-- The problem --
Look below for the line that contains "Clean engine compartment" and the line that contains "80.2 м² · 3 комнаты · 20/35 этаж · Июнь 2027", then restate both of them and every line in between, exactly. No picture goes in the copy.

Recorded data
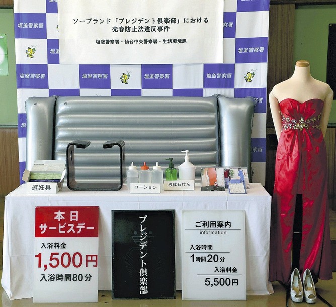 宮城県警は26日、仙台市若林区、会社役員の男(65)、同市青葉区、土木作業員の男(47)を売春防止法違反(場所提供)容疑で逮捕した。会社役員の男は同区のソープランド「プレジデント倶楽部」の経営会社社長で、土木作業員の男は元店長。塩釜署で27日、押収した看板やエアマットなどが報道陣に公開された。
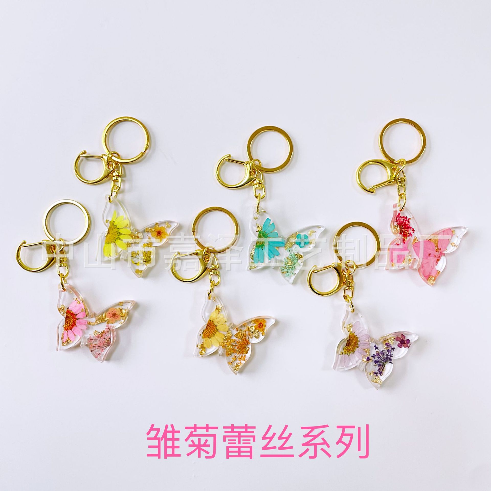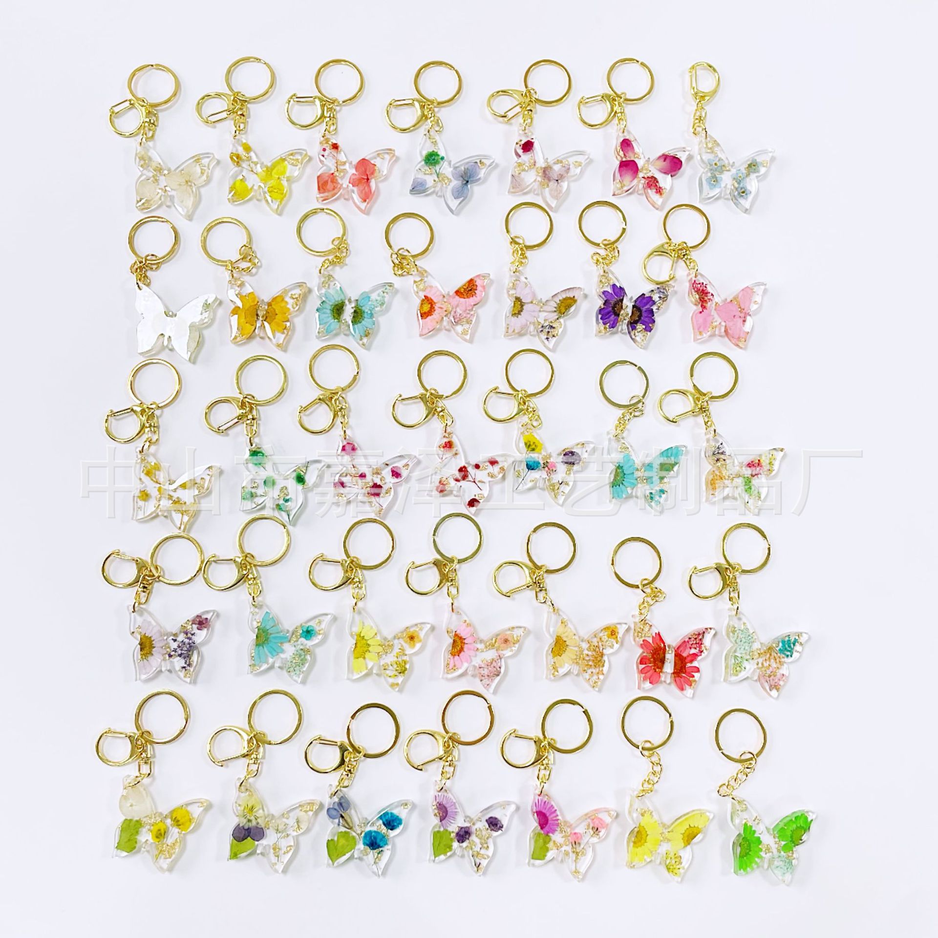 말린 꽃 열쇠 고리 양각 나비 인기있는 크리스탈 드롭 접착제 보석 데이지 가방 여성 펜던트 도매
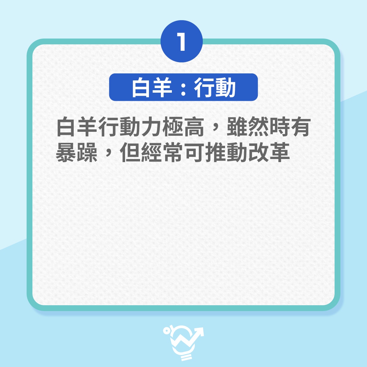 天性是行動派,任何職場位置都是一馬當先,行動力極高,有時會見到白羊暴躁的一面,但因行動力強,經常有推動改革,同事都會多多包容他脾氣,令工作出現奇蹟。
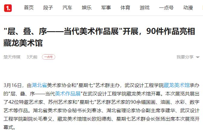 3月16日,由湖北省美术家协会和"星期七"艺术群主办,pp电子官方网站藏龙美术馆承办的"层、叠、序——当代美术作品展"在pp电子官方网站藏龙美术馆开幕。本次展览共展出了42位特邀艺术家、苏州艺术家和"星期七"艺术群艺术家的90余幅国画、油画、水彩、数字艺术等作品。湖北省美术家协会秘书长刘春冰、湖北省理论家协会副主席李建华、pp电子官方网站副院长毛春义、藏龙美术馆馆长欧阳德彪、星期七艺术群会长张扬出席本次展览开幕式。
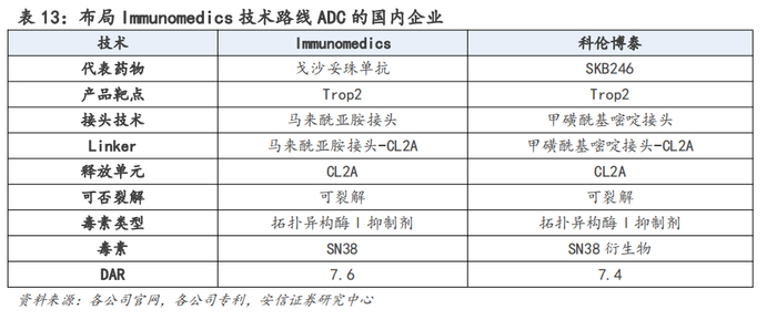 国内以Immunomedics ADC技术平台为基础进行优化改造的ADC企业,主要有科伦博泰等,其主要针对接头、毒素进行改造。
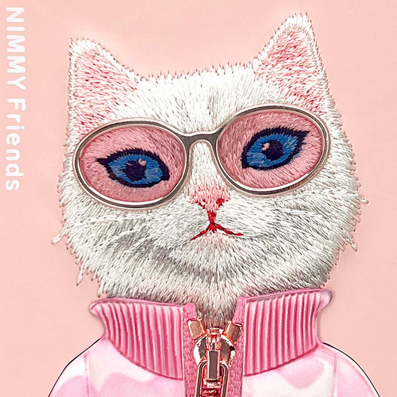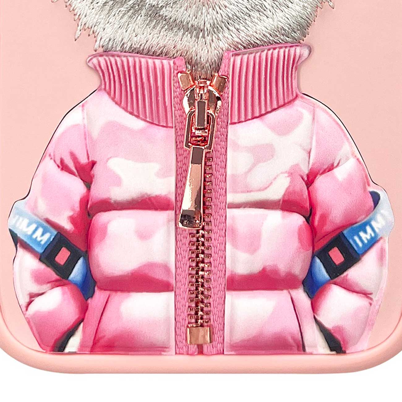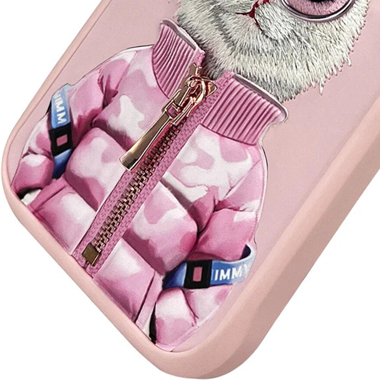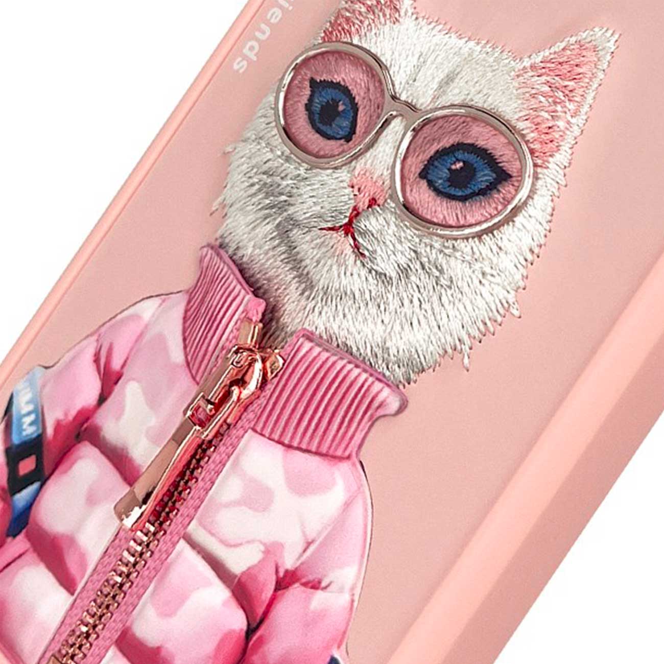 قاب محافظ گوشی آیفون 16 طرح گربه با عینک و زیپ واقعی نیمی IP16-04
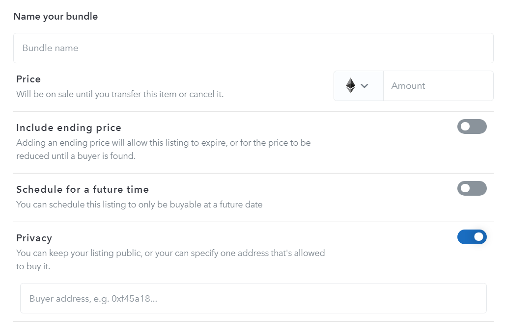 - Input the negotiated ETH portion of the deal, confirm the listing, and then send the URL over to your friend. They can buy via the link, and then repeat this same process on their end and send you a bundle URL in kind.
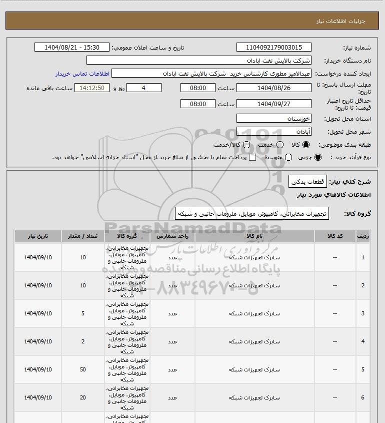 5 -- سابرک تجهیزات شبکه عدد تجهیزات مخابراتی، کامپیوتر، موبایل، ملزومات جانبی و شبکه 50 1404/09/10
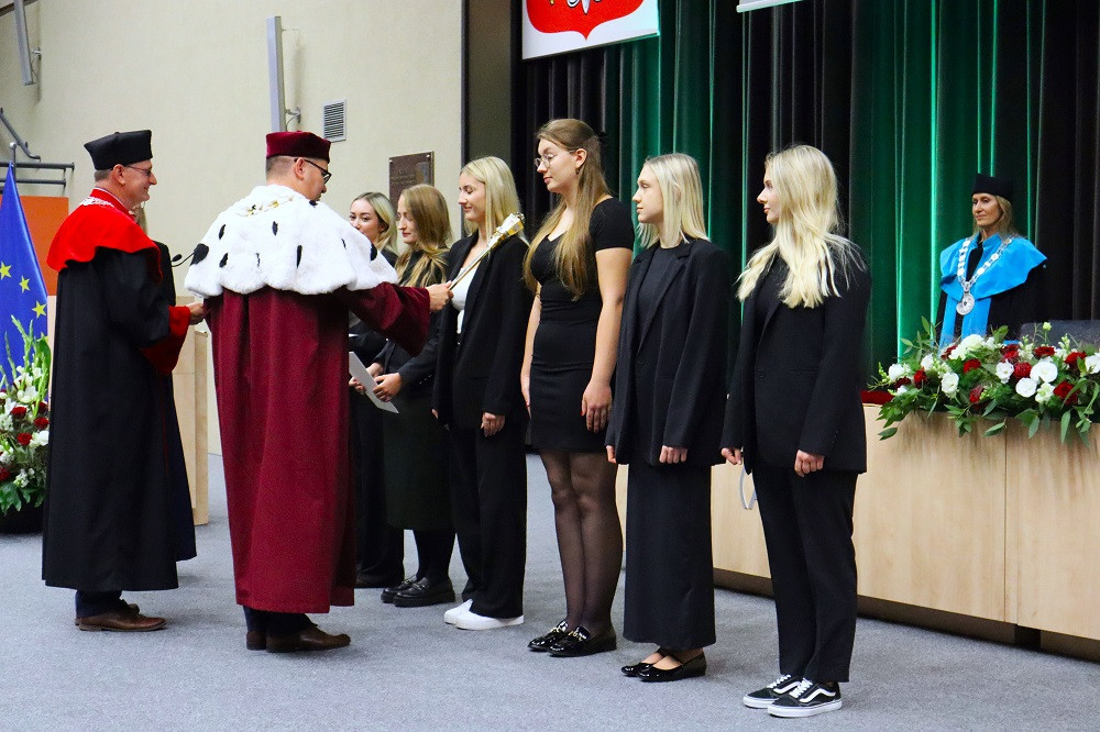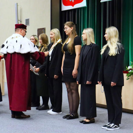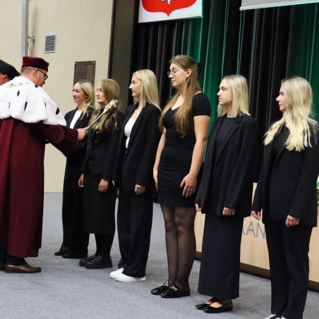 Rozpoczęcie nowego roku akademickiego jest nierozerwalnie związane z immatrykulacją pierwszych roczników. Jak zawsze podczas uroczystego ślubowania reprezentowali ich przedstawiciele studiów I i II stopnia z trzech wydziałów. Byli to: Magdalena Piechalak – finanse i rachunkowość (I), Weronika Potasińska – zarządzanie i inżyniera produkcji (II), Karina Dreszer – pedagogika (I), Julia Augustyniak – filologia (II), Anna Kaczmarek – dietetyka (I), Maria Różańska – pielęgniarstwo (II).
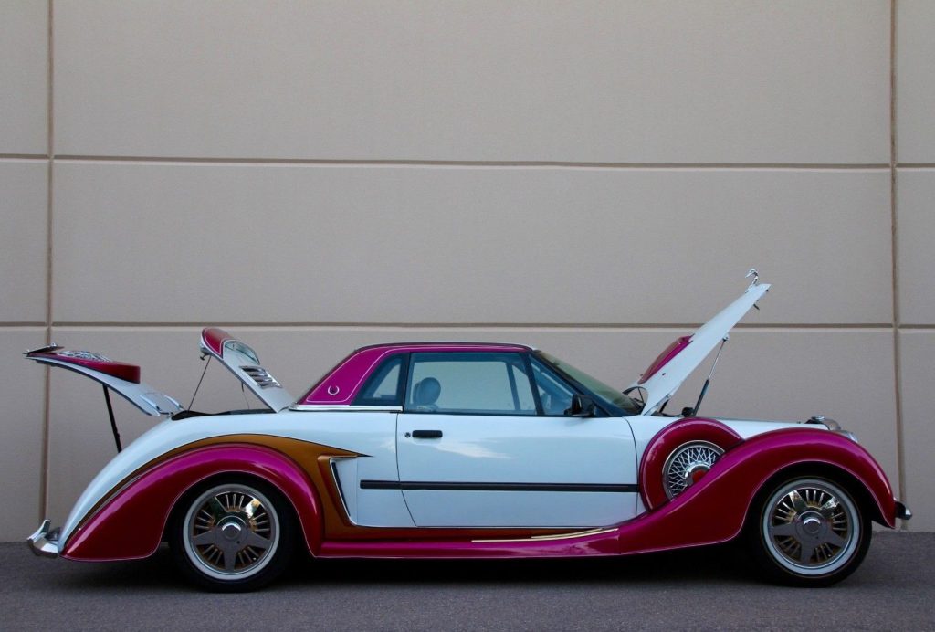 Clean engine compartment & clean trunk, clean interior, paint is in excellent condition, a 2 tone job – fine metallic white pearl and fine metallic raspberry with gold accents matching the wheels, the chrome is also in nice condition all around. Some original Riley parts were used, Headlights, Grill, Bumpers, the front & rear fenders are Riley, Riley running boards…looks like an original Riley was used in order to complete this sporty & cool Neoclassic, also a very nice prewar style hood ornament – Flying Lady – Packard style …..This is a beautiful turn key vehicle that needs nothing than a new owner, is ready for the road and will draw attention everywhere, a real head turner and a very nice conversation piece, if you see a guy in a Ferrari, you’ll say ” Yeah, another rich guy !!!” ….. but with this Riley is something else, everybody will take pictures, everybody wants to know what is it ? Pretty big & heavy vehicle, around 16 feet long bumper to bumper, a really good size for a roadster, this Riley is not your little average fiberglass”Kit Car” with a small 4 cylinder VW Beetle engine, this is a steel body – solid built vehicle that features a modern powerful drive train.
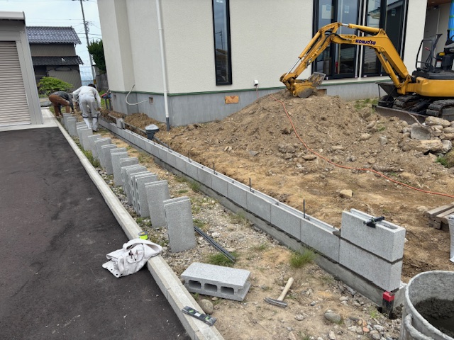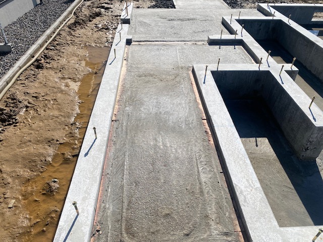 基礎立ち上がりのお化粧が完了しています。付近の土の部分も埋設の配管工事が終わり、きれいに整地されていました。
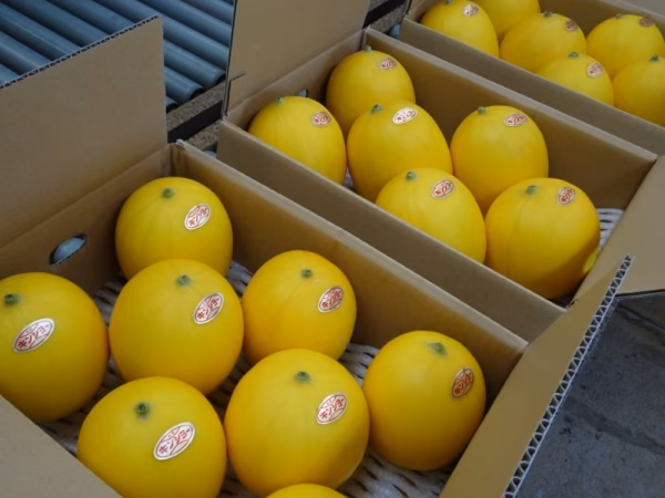 「キンショーメロン」は果皮に網目がなく表面がなめらかなノーネットメロンです。やや縦長の楕円形をしていて、サイズは500~800gと小さめ。皮は濃い黄色で、果肉はきれいなクリーム色をしています。
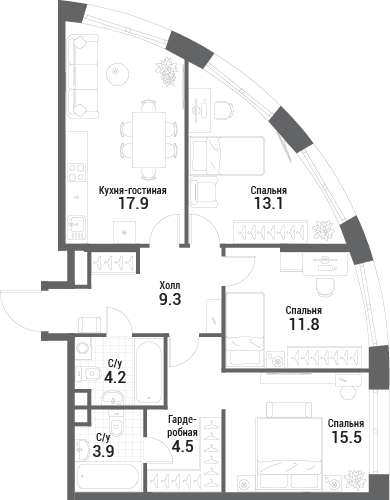 80.2 м² · 3 комнаты · 20/35 этаж · Июнь 2027
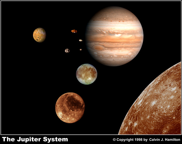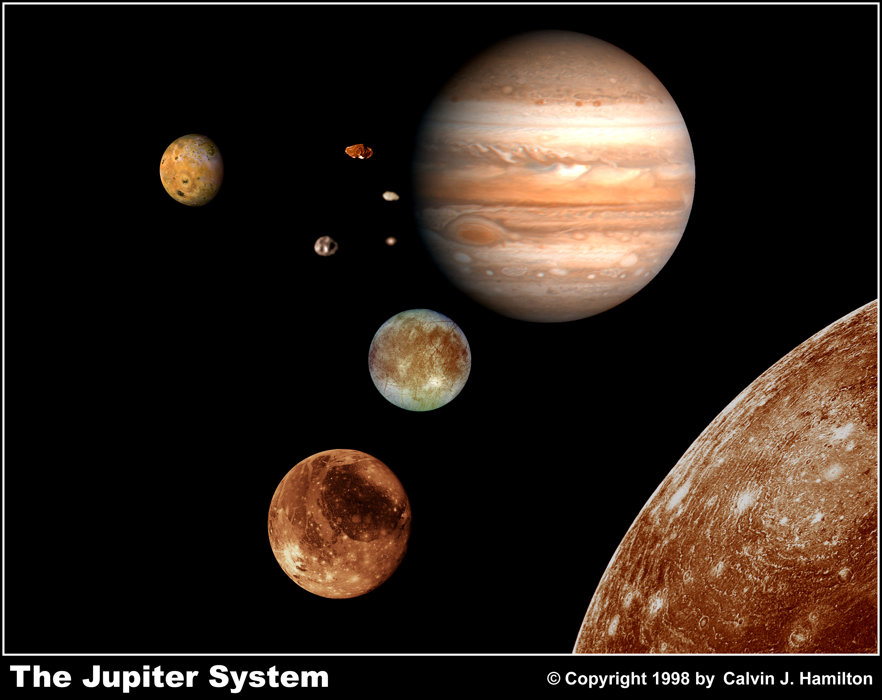 The best of the Jupiter system is pictured in this collage of images acquired by the Voyager and Galileo spacecraft. Jupiter is the largest planet in our solar system. The four largest moons of Jupiter are known as the Galilean moons and are named Callisto, Ganymede, Europa, and Io. Inside the orbits of the Galilean moons are Thebe, Amalthea, Adrastea, and Metis. At the lower right is shown the Valhalla region of Callisto. Ganymede is toward the bottom middle. Europa is a little above and to the right of Ganymede. Io is the top, left-most moon. Between Io and Jupiter are four little moons. The top-most little moon is Amalthea. Below and to the right of Amalthea are Metis and Adrastea. To the left of Adrastea is Thebe. |
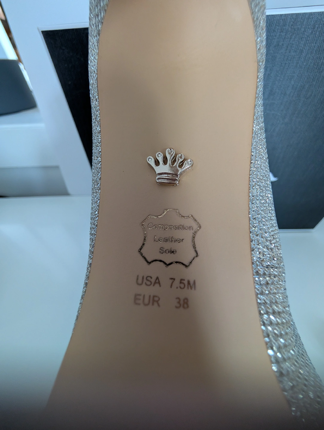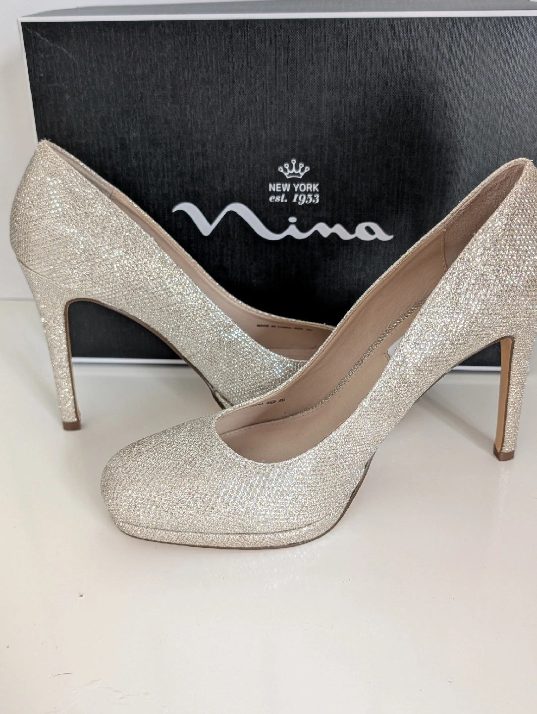 These beautiful Nina New York heels are perfect for a special occasion! They are a size 7.5M and come in a lovely silver colour. The soles are leather, and they come with the original box
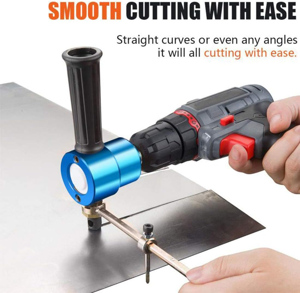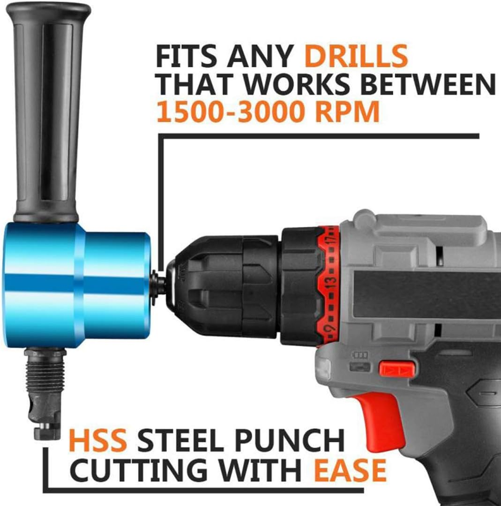 Easy and fast to cut 14 gauge material and creates a precision, burr free edge 360 degree double cutting head to cut straight line, curve line and circles HSS cutting blades to cut including but not limited to: Sheet metal, corrugated material, pipes, complex profiles, powder coated material, stainless steel, copper, aluminium, formica, plastic, fibreglass Fits any drill that works between 1500-3000 RPM, More easy and powerful than normal shears and snips REXBETI Metal Nibbler
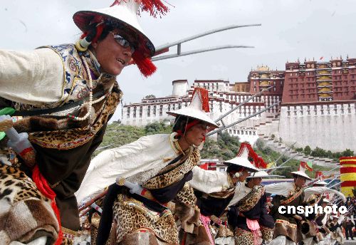 圖:西藏自治區(qū)成立四十周年游行彩排在拉薩舉行
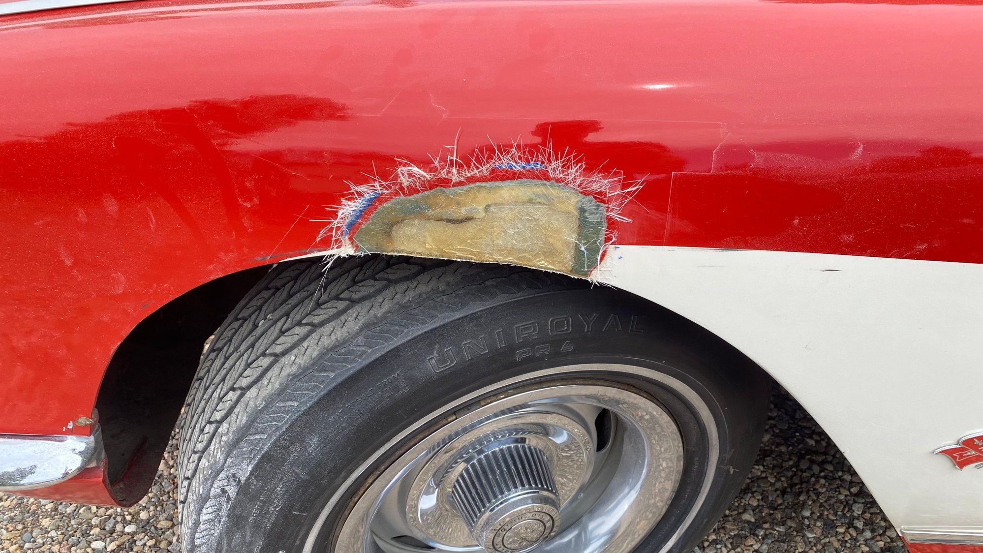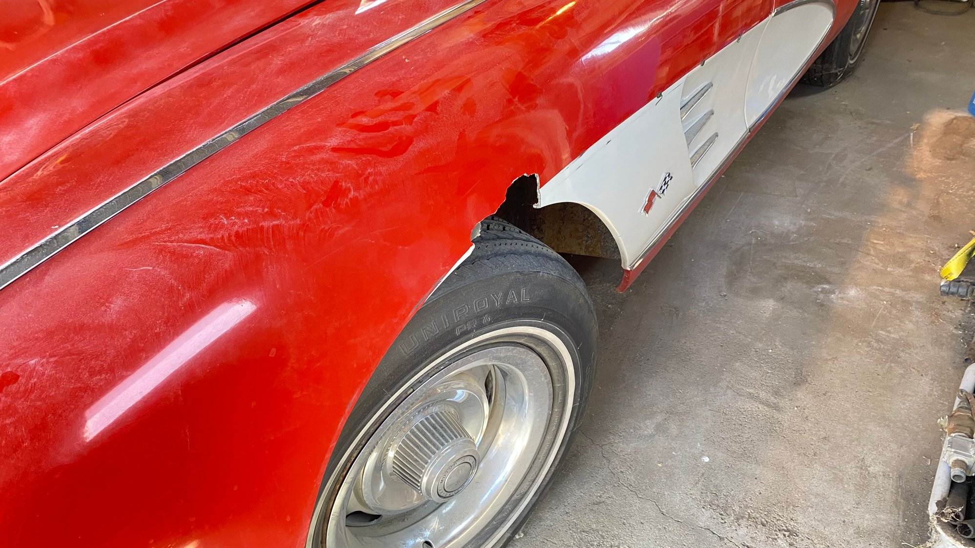 The paintwork could be handled a number of ways depending on what type of paint is on it now (Lacquer or B/C urethane), and other factors such as money and quality of car. If it's lacquer a guy could literally wetsand and blend new paint into the old. Then buff it out. If it's Single-stage urethane or enamel, a guy could also attempt to soften the existing paint and blend some new paint there using like a two-gun method. Pretty much the same if it's base/clear. Or, a guy could repaint the red part of the fender. A guy ought to be able to make the repair w/o doing a larger repaint. As I say, It all depends on the budget, goals, quality of car and so on.

-- Task result --
 Clean engine compartment & clean trunk, clean interior, paint is in excellent condition, a 2 tone job – fine metallic white pearl and fine metallic raspberry with gold accents matching the wheels, the chrome is also in nice condition all around. Some original Riley parts were used, Headlights, Grill, Bumpers, the front & rear fenders are Riley, Riley running boards…looks like an original Riley was used in order to complete this sporty & cool Neoclassic, also a very nice prewar style hood ornament – Flying Lady – Packard style …..This is a beautiful turn key vehicle that needs nothing than a new owner, is ready for the road and will draw attention everywhere, a real head turner and a very nice conversation piece, if you see a guy in a Ferrari, you’ll say ” Yeah, another rich guy !!!” ….. but with this Riley is something else, everybody will take pictures, everybody wants to know what is it ? Pretty big & heavy vehicle, around 16 feet long bumper to bumper, a really good size for a roadster, this Riley is not your little average fiberglass”Kit Car” with a small 4 cylinder VW Beetle engine, this is a steel body – solid built vehicle that features a modern powerful drive train.
 基礎立ち上がりのお化粧が完了しています。付近の土の部分も埋設の配管工事が終わり、きれいに整地されていました。
 「キンショーメロン」は果皮に網目がなく表面がなめらかなノーネットメロンです。やや縦長の楕円形をしていて、サイズは500~800gと小さめ。皮は濃い黄色で、果肉はきれいなクリーム色をしています。
 80.2 м² · 3 комнаты · 20/35 этаж · Июнь 2027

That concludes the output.